Scrivener to Marked 2 to WordPress
I’ve written about this already, but in the past year I’ve used this technique almost every day. It’s worth sharing in more detail.
Here is a short screencast of how it works. I write in Markdown in Scrivener. I have it customized with the pretty colors and pretty fonts I want. BUT — I know that when I publish it, it will follow the design of the site I’m writing for, not my preferences.
That’s fine.
Watch in the video how I drag it from Scrivener and drop it into Marked 2. Marked 2 warns me of bad links and shows the formatting.
From there I copy and paste the whole bit into my WordPress editor. Did you notice how the H2 title was in there? I figured out that if I title every entry in Scrivener, I prepare for the future. Scrivener allows me to export the whole document to an ebook and use the titles as section breaks.
A friend of mine is preaching through the entire Gospel of Luke. I have been writing an almost daily devotional through the Gospel of Luke for the past year. I was able to output a single pdf of every entry straight from Scrivener’s compile feature. If I take the time, I could export the whole thing via Marked and customize the styles even more.

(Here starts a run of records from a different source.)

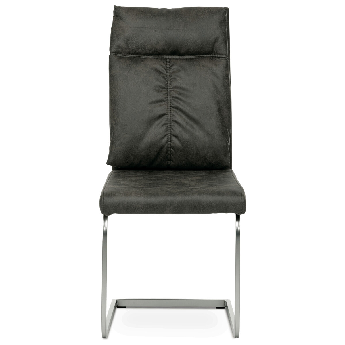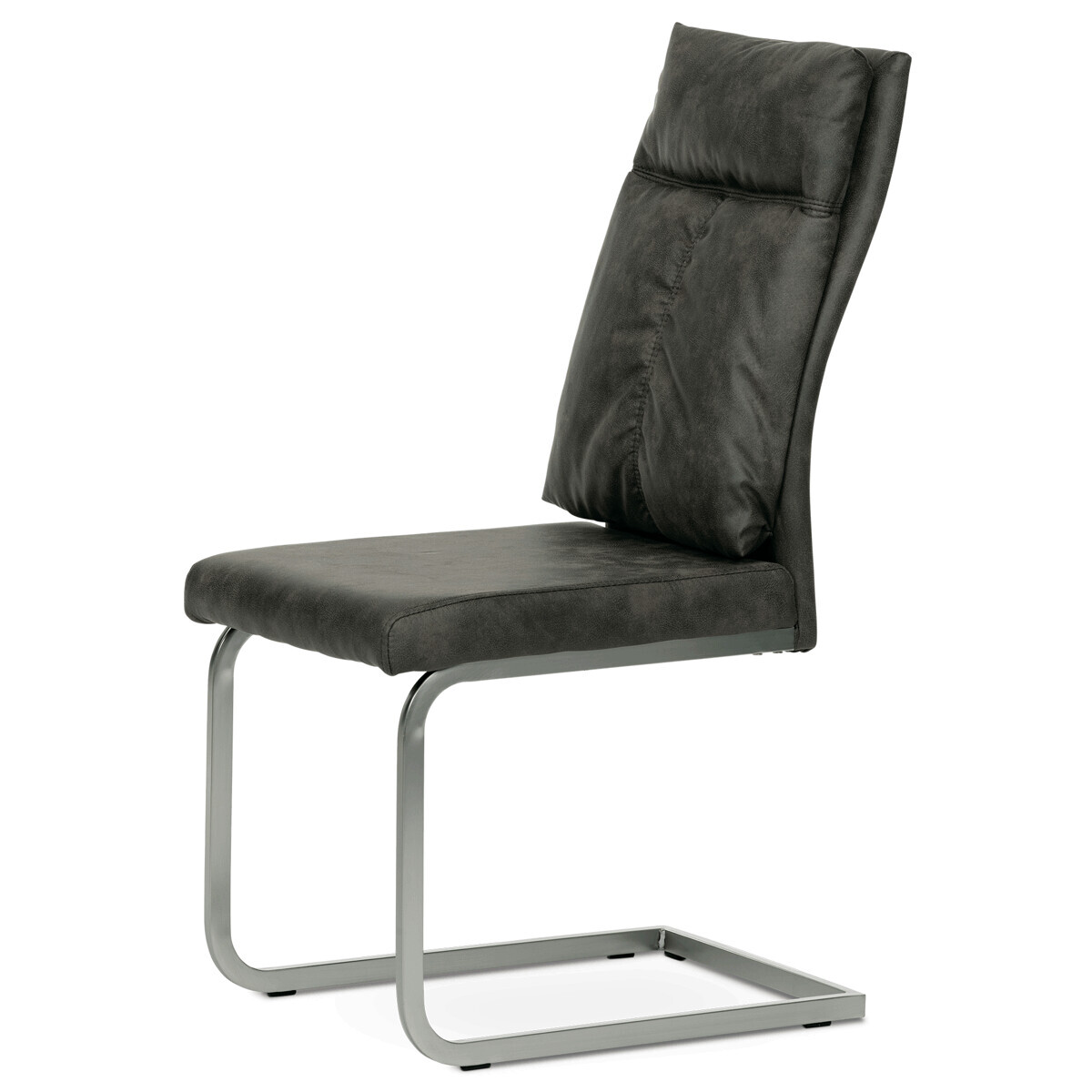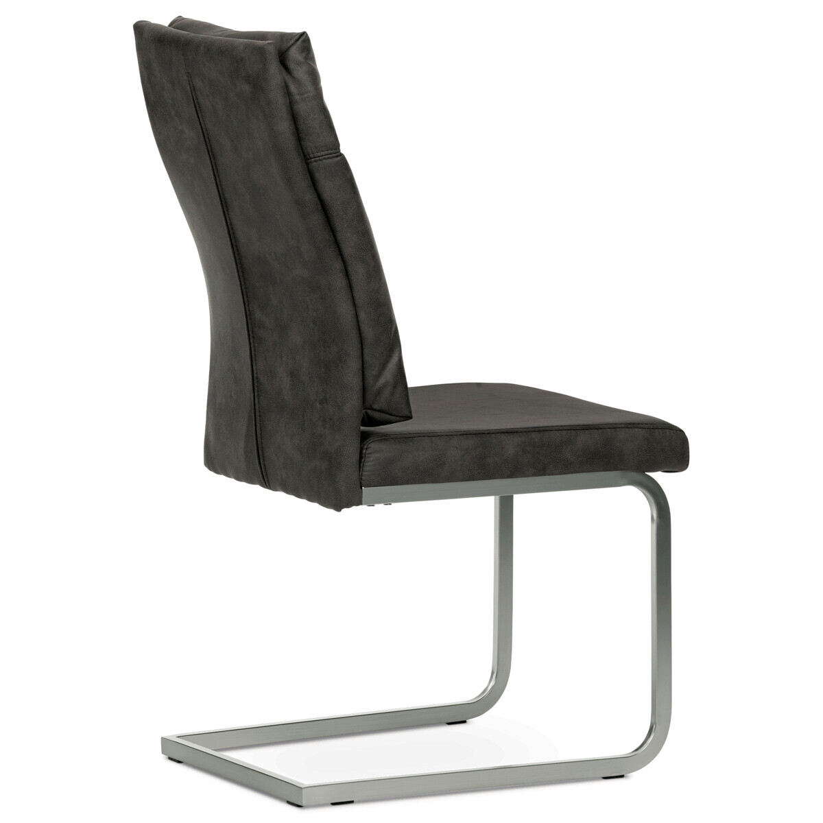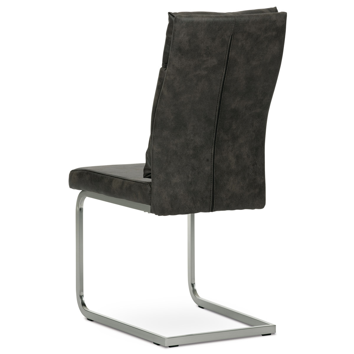 Designová jídelní židle s vysokým extra polstrovaným opěradlem. Potah je z látky v šedohnědém odstínu ve velmi žádaném dekoru vintage kůže. Prošití přední části opěráku je ve tvaru "T" vytváří trendy zvrásnění a záhyby na povrchu potahu. Polstrování je z velmi kvalitní PU pěny. Použitá látka je na povrchu hladká, velmi dobře se udržuje a čistí. Elegantní a vintage vzhled této židle podtrhuje kovová podnož v povrchové úpravě matného niklu. Je obdélníkového průřezu a opatřena černými plastové kluzáky, které sníží riziko poškození Vaší podlahy na minimum a zabraňují i překlopení židle. Nosnost židle je až 120 kg.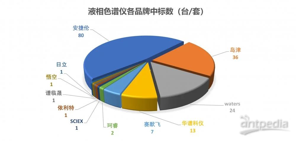 在品牌競爭的激烈角逐中,安捷倫憑借強大的技術(shù)優(yōu)勢和卓越的品牌影響力,成為本次設(shè)備更新的最大贏家,其中標(biāo)數(shù)量接近總量的一半。島津和Waters分別以36臺(套)和24臺(套)的中標(biāo)數(shù)量,位列第二和第三。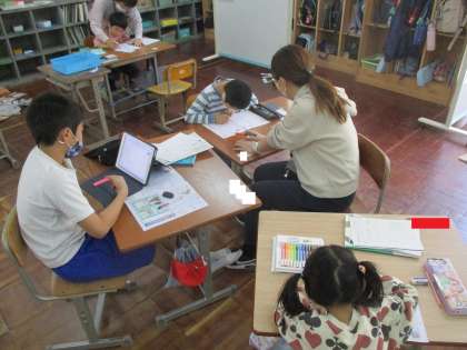 それぞれの課題に集中して取り組みました。できたところを「見て」とアピールする子もいました。頑張る姿がすてきでした。
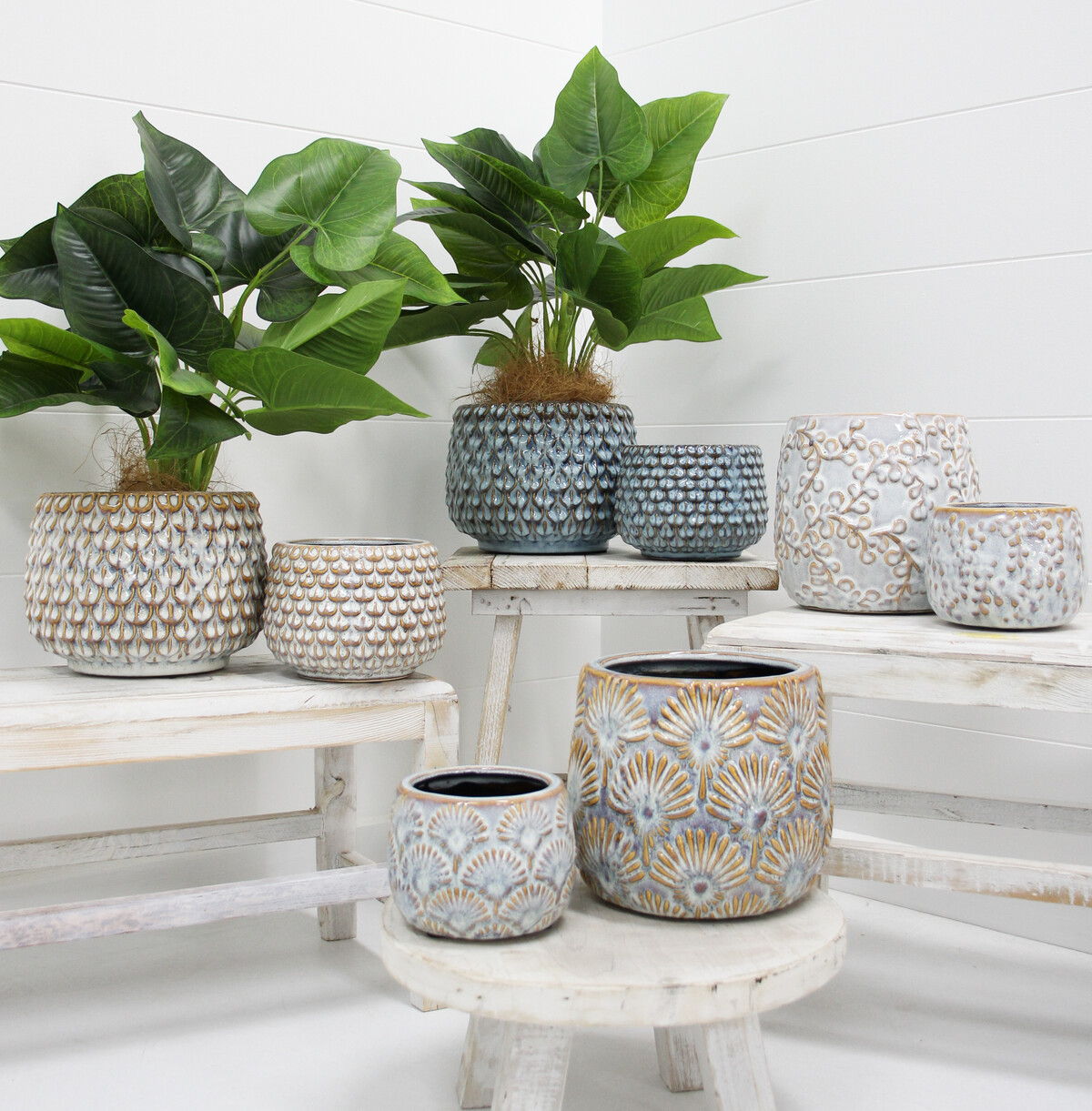 The Pot Petals S/2 B/W is sold as a set of two planting pots both of which though showcases a delightful simplicity in design, nonetheless possess a classic aesthetic appeal which would blend in seamlessly with every type of decorative setup inclusive of modern décor, minimalist and even traditional themed décor. Given the fact that there are two different sizes of small and large, there is just the right size for that specific plant decorative need which your customers have.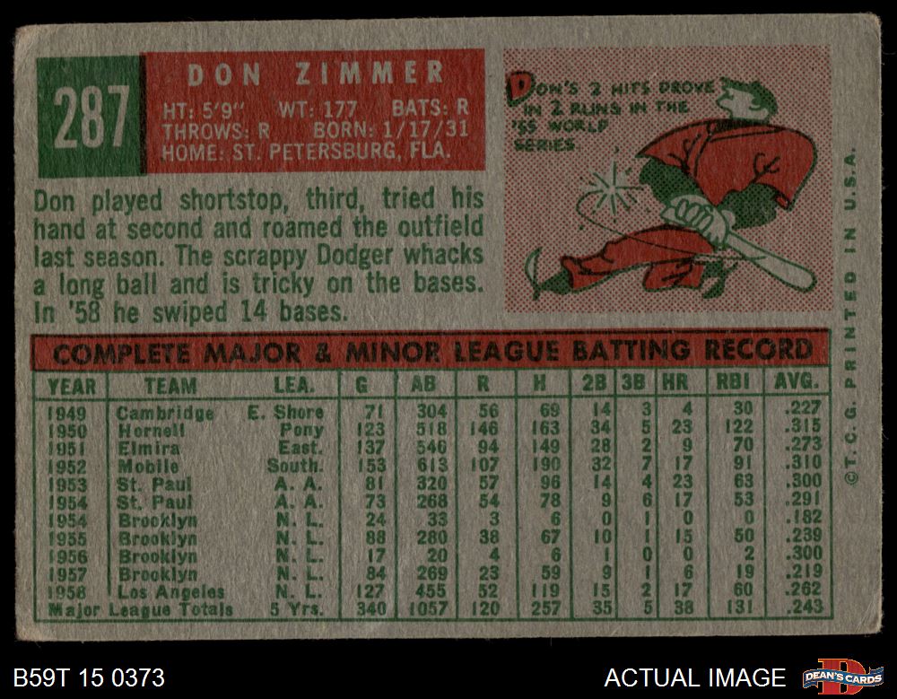 1959 Topps #287 Don Zimmer 2 - GOOD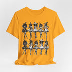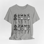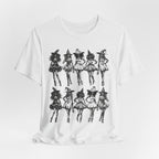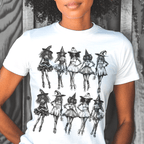 This adult unisex short sleeve tee features sketches of black witches. Inspired by melanin magic and the fall season, the shirt is crafted with soft cotton and a quality print. This tee will become your well-loved fall favorite. It's a great top to celebrate the spirit of Halloween, but the design is classic enough to wear year round as well. Its ribbed knit collars, taping on the shoulders, and dual side seams ensure a better fit over time and maintain the garment's shape. Made with 100% cotton, this tee offers a comfortable retail fit and light fabric weighing 4.2 oz/yd² (142 g/m²). With its tear away label and true-to-size fit, our witchy tee is perfect for those who want style, comfort, and a magical design. Available in sizes XS-3XL. Easily customizable upon request.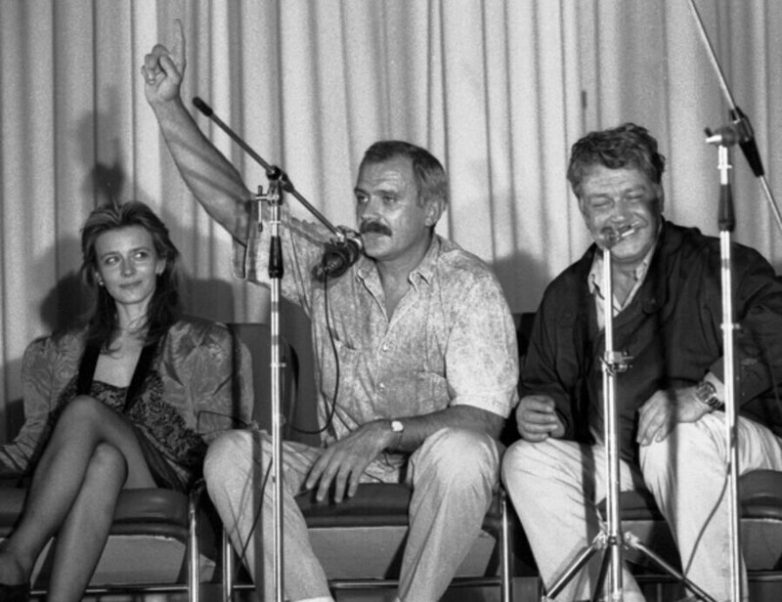 Елена Сафонова, Никита Михалков и Всеволод Ларионов на кинофестивале «Золотой Дюк», 1988 год

Organization Of What I Write
I’ve tried keeping named folders and then backing them up to Google Drive or One Drive. That works fine but depending on how you recall your writing, those can be a real chore. I’ve been labeling my Scrivener files by year and quarter. Right now I’m in 2021Q1. Within that, I make folders for my writing and arrange it as needed. That makes recall and searching easy.
The whole project does the local folder sync to my Google Drive so that I can back up everything I write in .txt files. I’m still burnt by the demise of my favorite writing program ever – Journler. My files were unreadable after the demise of that program. Now I make sure to have .txt file backups of everything I write.
With .txt files saved to the cloud with version control, I will always have a backup. Google Drive, Microsoft One Drive, and other cloud services would work for this. (Version control is a definite bonus if you mess things up!)
Use What Works for You
A lot of people write about how this or that tool is the one ultimate machine for this or that. Don’t feel like you have to be that guy. Use the parts of the tools that work for you, even if you have to use a few different programs. This works for me in my continued writing, and it works for recalling stuff later.
(I noticed when I published this post that this is almost identical to an article I wrote a year ago! Well, I guess it still works, right? None of these companies give me anything, I have a good setup and Markedwas having a sale so I felt like sharing.)